We will use the PyTorch [`.backward()`](https://pytorch.org/docs/stable/generated/torch.Tensor.backward.html) method to trace operations for computing gradients. On a tensor, the [`requires_grad`](https://pytorch.org/docs/stable/generated/torch.Tensor.requires_grad_.html) attribute controls whether autograd should record operations on that tensor.
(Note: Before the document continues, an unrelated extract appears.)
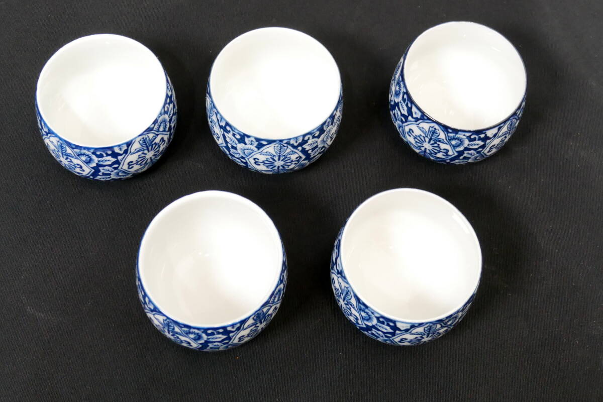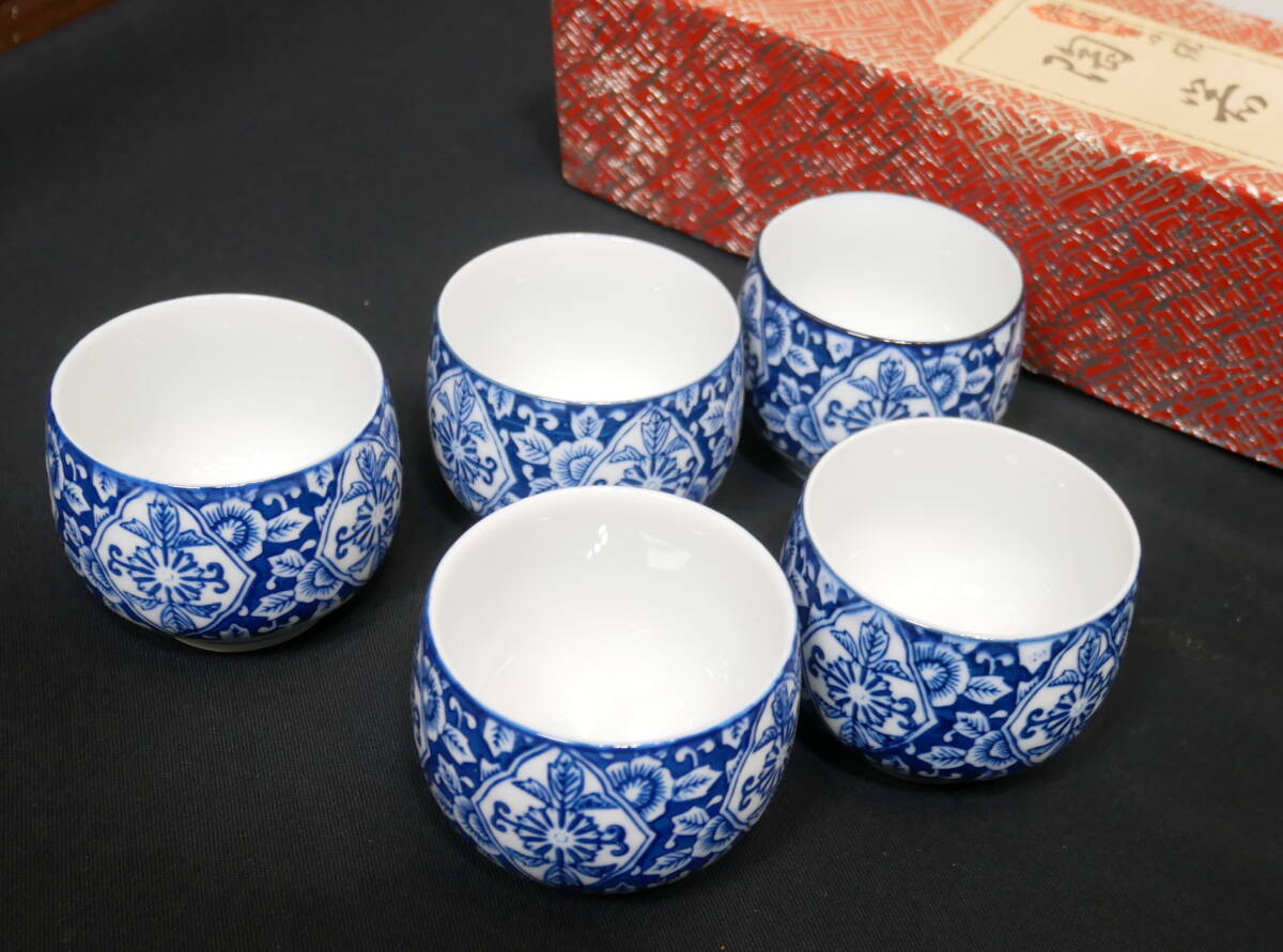 | ▲(R704-H178) 未使用 有田焼 西峰作 牡丹菊煎茶揃 5客セット 湯呑 茶器 和食器 口径約7cm×高さ約6cm 箱付き | ||

When a forward pass is made through the network, PyTorch builds a computational graph dynamically; then, to compute the gradient, the `backward()` method is called to perform backpropagation.
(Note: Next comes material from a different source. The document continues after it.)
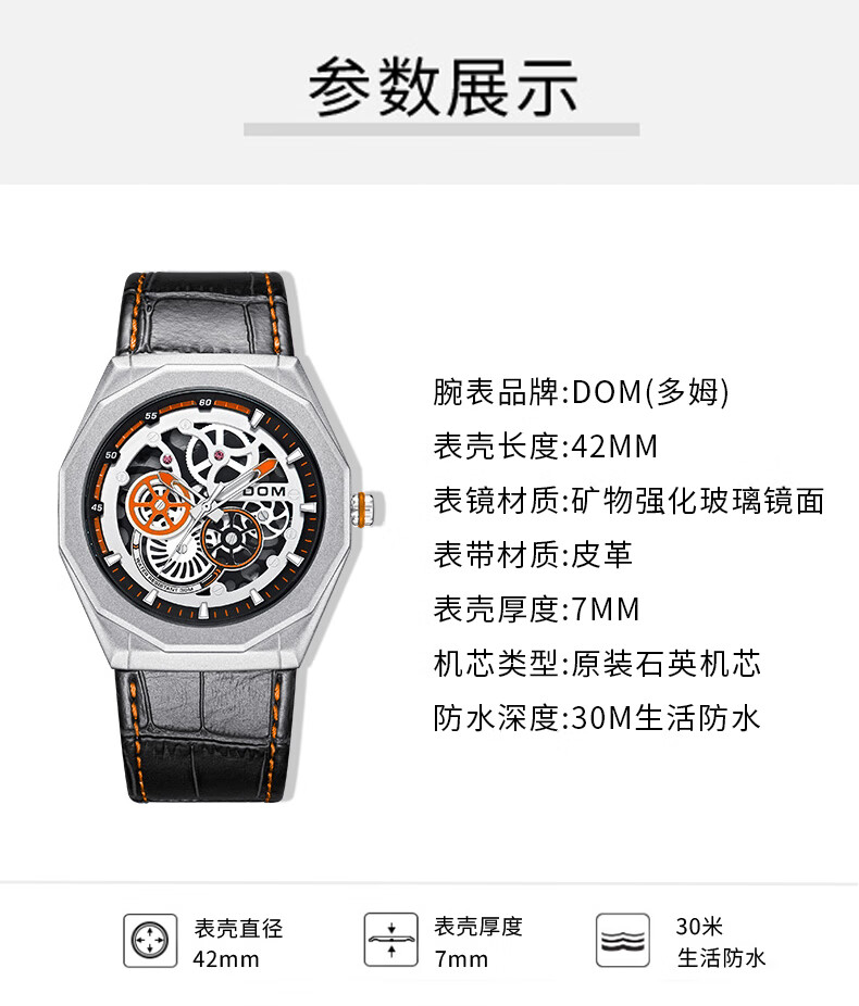 DOM超跑型男手表男士机械风石英夜光运动潮流品牌十大名表礼物送男友

Let's compute the gradient of $ y = x^2 $:

In [None]:
### Gradient computation using PyTorch autograd ###

x = torch.tensor(3.0, requires_grad=True) # Create a given variable `x` equal to 3.0, and have PyTorch record its operations.
y = x ** 2 # Let's use the example of `y = x^2`
y.backward() # Compute the gradient, the derivative of all mathematical operations that happen to a given value until the .backward() method is called.
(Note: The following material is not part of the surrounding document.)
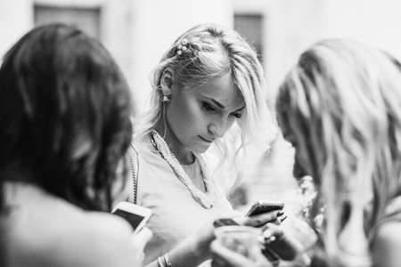 Kiev, Ukraine, July, 2015: Black and white photo of three female students holding mobile phones
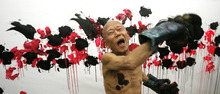 81-year-old old Japanese artist, Ushio Shinohara with his art, at the Central Utah Art Center, Monday, January 21, 2013. Shinohara is known for boxing his art onto a canvas, he is featured in the Sundance documentary film "Cutie and the Boxer."

dy_dx = x.grad # Call .grad on our input so we can get the gradient value after computing it.
print("dy_dx of y = x^2 at x = 3.0 is", dy_dx.numpy())
assert dy_dx == 6.0 # Is the gradient equal to 6?

In training neural networks, we use differentiation and stochastic gradient descent (SGD) to optimize a loss function. Now that we have a sense of how PyTorch's autograd can be used to compute and access derivatives, we will look at an example where we use automatic differentiation and SGD to find the minimum of $ L=(x-x_f)^2 $. Here $x_f$ is a variable for a desired value we are trying to optimize for; $L$ represents a loss that we are trying to minimize. While we can clearly solve this problem analytically ($ x_{min}=x_f $), considering how we can compute this using PyTorch's autograd sets us up nicely for future labs where we use gradient descent to optimize entire neural network losses.

In [None]:
### Function minimization with autograd and gradients ###

x = torch.randn(1) # Create a single random value for the initial x.
print(f"Initializing x={x.item()}") # Print the initial value.

x_f = 4  # Create a target value that x should reach.
learning_rate = 1e-2 # Set a rate to change x to reach the target value.
iterations = 500 # Set a number of iterations to loop through.
history = [] # Create an empty list to store all x values for graphing.

# In each iteration, we compute the loss, compute the gradient of the loss, and update the x value based on the gradient.
for i in range(iterations):
    x = torch.tensor([x], requires_grad=True) # Create a value for our x that tracks all its operations in our current iteration.
    loss = (x - x_f) ** 2  # Compute the loss as the difference between the initial and target values.

    loss.backward() # Backpropagate through the loss for our input x to compute the gradient.
    x = x.item() - learning_rate * x.grad # Change the initial value to move it slightly towards the target value.
    history.append(x.item()) # Add the updated value to the graphing list.

print("Final x={}".format(x.item())) # Print the final value to see how close it is to the target value.

# Plot the changes of the initial value as it moves towards the target value.
plt.plot(history)
plt.plot([0, iterations], [x_f, x_f])
plt.legend(('Initial Value', 'Target Value'))
plt.xlabel('Iteration')
plt.ylabel('Value')


This process of taking an initial value and moving towards a target value is called Stochastic Gradient Descent (SGD). SGD is used in machine learning to optimize weights for higher model accuracy. Even though many other methods have been developed, it remains one of the most commonly used in machine learning for weight optimization.

PyTorch's `autograd` provides an extremely flexible framework for automatic differentiation. In order to backpropagate errors through a neural network, we track operations on a variable, use this information to determine the gradients, and then use these gradients for optimization using SGD.

I highly encourage you to experiment with different values for `learning_rate` and `iterations` to see what effects they have on the final value and the trend of the graph. Additionally, go back to the custom layers and models we defined to see what happens when you change the input, input shape, output shape, and other characteristics of the model.